Пошли к морю. Вдали оно было глухо-темное, ближе – светлело раствором лунного света.
Медленно, об руку подошли к волнам. И вдруг оба, сами не зная отчего, рассмеялись негромко.
Плыли неспешно, со странно белыми лицами, спокойными и счастливыми. Плыли все дальше, оба неутомимые… Потом, обнявшись, возвращались на дорогу, к пролетке, все такие же спокойно-счастливые, с влажными волосами, а море отрешенно перекатывало гальку, мягко брызгая огнистой россыпью.
В дом, давно Андрею знакомый, в дом Софьи Григорьевны Рубинштейн, приехали поздно. Хозяйка и Тригони встретили Андрея с сердитой радостью – какого черта запропал?!
После чая Софья Григорьевна села за рояль.
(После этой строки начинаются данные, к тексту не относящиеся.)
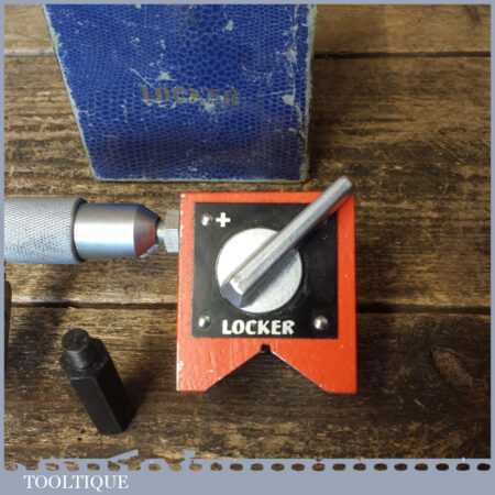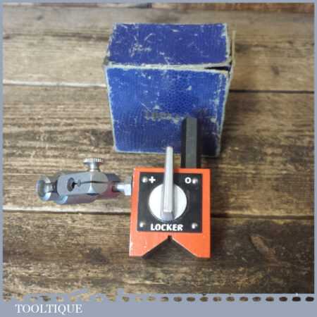 Vintage boxed Locker engineer’s magnetic Vee block with side attachment in good used condition.

Шопена? Ну конечно, Шопена. Она придвинула лампу и стала играть.
Крупное красивое лицо ее было печально. Андрей вдруг с беспокойством ощутил смутную вину перед этой женщиной, которая, наверное, любила его, и Соня тотчас насторожилась, тихо отняла руку.
Лоция чеканно описывала побережье: там маяк, а там каменистые отмели, здесь грунт ракушечный, а здесь грунт илистый, тут обрывы, а тут пологие спуски… Однако лоция ничего не сообщала о пограничной страже. Но это, в общем-то, не беда: плох контрабандист, у которого нет приятелей среди стражников. А вот откуда было знать шкиперу Кидоневсу, что в связи с рейсом «Вулкана» из Практической гавани вышли в море дозорные корабли? А дозорные канонерки, поворотливые и приземистые, каждая с тремя орудиями, вспарывали море у одесских берегов.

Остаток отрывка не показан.